DATA BLOCK ::
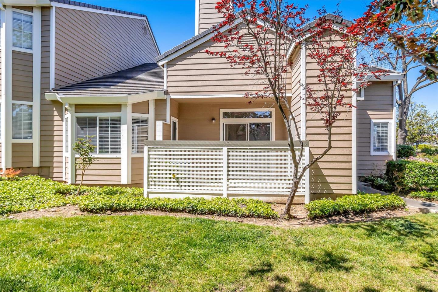 Discover unparalleled comfort and luxury at 'Park Almaden'. This exceptional unit offers two generously proportioned bedrooms with soaring high ceilings, providing a sense of spaciousness. Positioned as an end unit, relish in enhanced privacy and tranquility. The lavish Primary Bedroom Ensuite features a charming Bay Window, flooding the space with natural light, along with a vast mirrored closet and patio access for serene outdoor moments. The ensuite bathroom boasts double sinks and ample wood cabinets for storage. Entertain effortlessly in the expansive open-plan living room with a cozy fireplace and seamless sliders leading to your private patio, offering lush tree views for a serene ambiance. Enjoy the convenience of indoor laundry facilities and benefit from a 1 Car Garage Space, extra Parking Places, and Storage Closet Off Patio. Immerse yourself in the unparalleled amenities of 'Park Almaden', including pool, hot tub, clubhouse, and gym. With easy access to Highway 85 & 87, and proximity to Lake Almaden's trails and Oakridge Mall, experience the ultimate blend of luxury, comfort, and convenience.
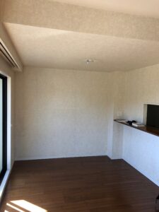 現在藤沢のマンションリフォーム中の現場にてクロス張替えを行いました。
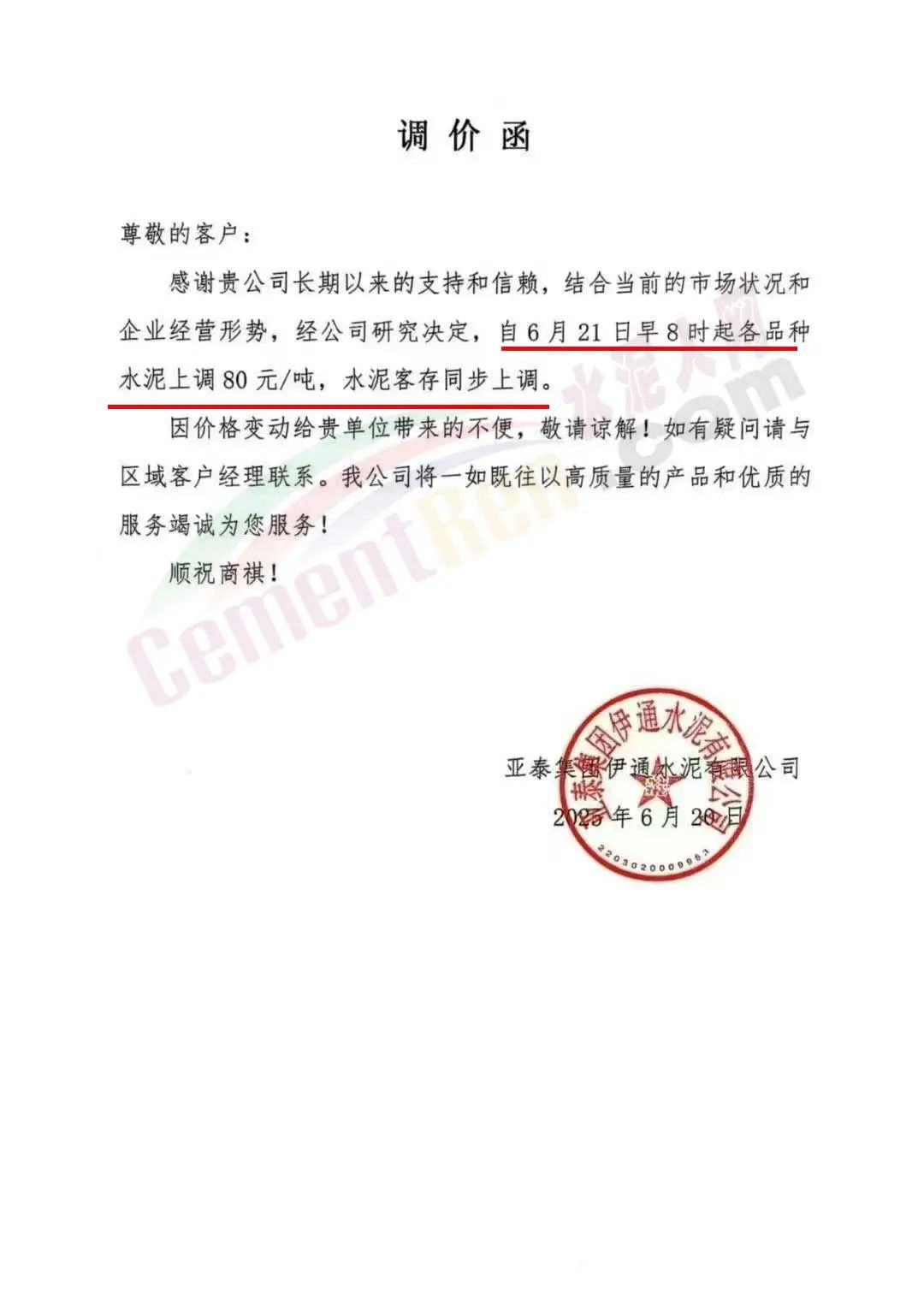 亞泰集團伊通水泥有限公司通知,結(jié)合當前的市場狀況和企業(yè)經(jīng)營形勢,經(jīng)公司研究決定,自6月21日早8時起各品種水泥上調(diào)80元/噸,水泥客存同步上調(diào)。

ABOUT THIS EXERCISE ::
Produce an exact copy of the lines from the line with "現在藤沢のマンションリフォーム中の現場にてクロス張替えを行いました。" through the last line of the data above, both ends included. No pictures belong in it.

EXERCISE ANSWER ::
 現在藤沢のマンションリフォーム中の現場にてクロス張替えを行いました。
 亞泰集團伊通水泥有限公司通知,結(jié)合當前的市場狀況和企業(yè)經(jīng)營形勢,經(jīng)公司研究決定,自6月21日早8時起各品種水泥上調(diào)80元/噸,水泥客存同步上調(diào)。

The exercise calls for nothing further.